The resurgence in bank profits appears to have been an important factor in persuading regulators to do more....
“The regulators are doing this because they can,” Michael Mayo, a banking analyst at CLSA, said. “And they can at this time of relative stability.”....
Excuse me, but the argument that stability was needed before the banks and the financial system could be reformed is pure and utter garbage.

By late 2008, governments around the globe had put the financial system on life support.  This support was the equivalent of putting a patient on a heart/lung machine so that the patient's heart can be operated on.

While the financial system was on life support it would have been easy to pass and implement the necessary changes to fix the financial system and end Too Big to Fail.

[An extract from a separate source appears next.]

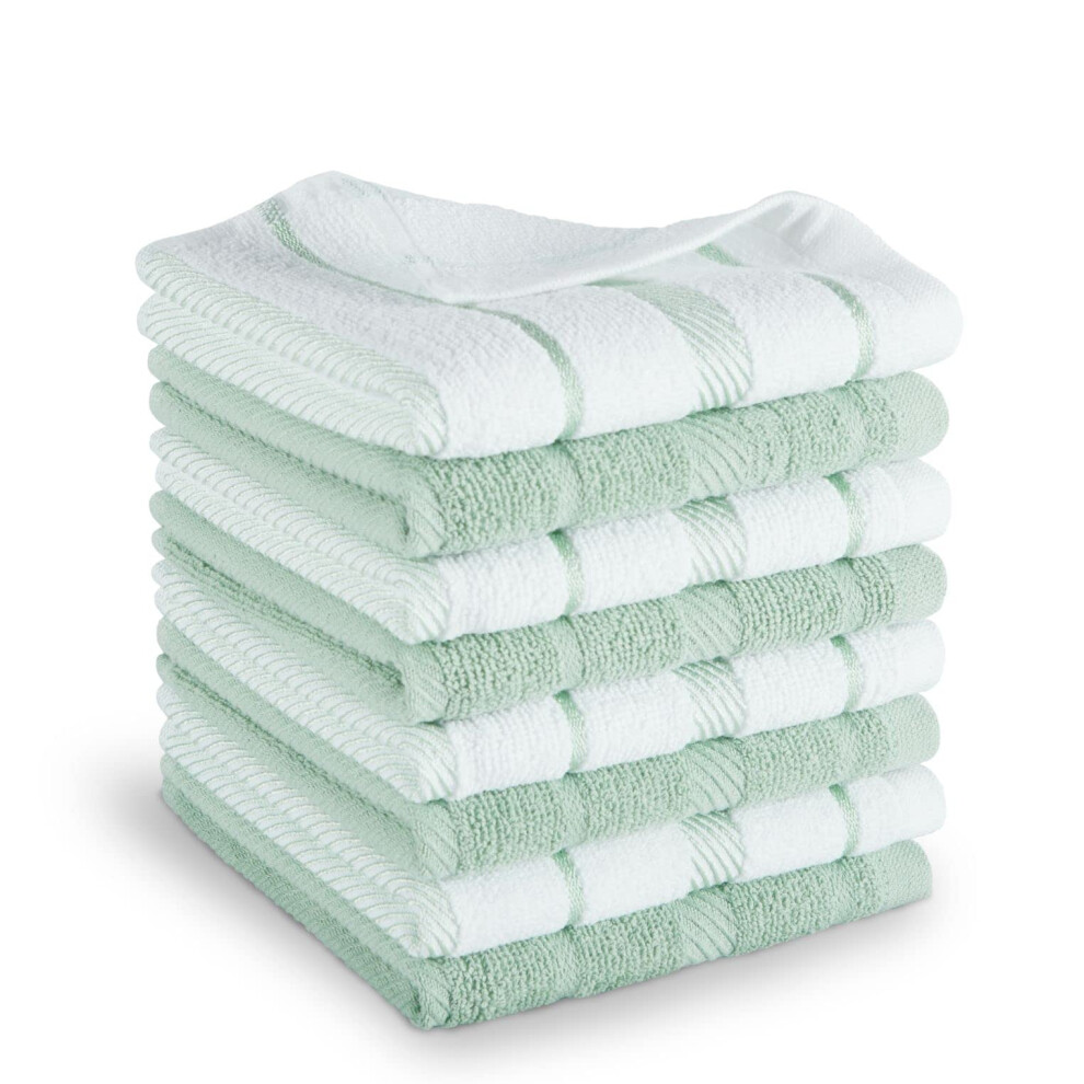KitchenAid Albany Dishcloth 8 Pack Set Pistachio/White 12""""x12""""

Global policy makers and financial regulators did not do so.  They couldn't even be bother with taking the time to set up the equivalent of a Pecora Commission to discover what caused the crisis in the first place, opacity.

Instead, they rolled out the Dodd-Frank Act which was effectively written by and for the banks by the banks' lobbyists.
Still, Mr. Mayo and others question how healthy the banks are.... 
Mr. Mayo and others are going to continue questioning how healthy the banks are until such time as the banks are required to provide ultra transparency and disclose on an ongoing basis their current global asset, liability and off-balance sheet exposure details.

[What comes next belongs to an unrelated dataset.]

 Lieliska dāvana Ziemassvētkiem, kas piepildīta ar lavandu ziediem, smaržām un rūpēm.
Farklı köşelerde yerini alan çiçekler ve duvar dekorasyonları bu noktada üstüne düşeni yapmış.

Without this level of disclosure, there is no telling what risks and losses are hidden on and off the banks' balance sheets.
Still, some banking experts think the banks are bluffing when they say more regulation could hamper lending. 
“They can’t see that it is in their long-term interests to have a credible regulatory process,” Ms. Bair said.

The banks understand that they have already captured the regulatory process.

The only way for the regulators to re-establish any credibility is by giving up their monopoly on all the useful, relevant information about banks and requiring the banks to provide ultra transparency.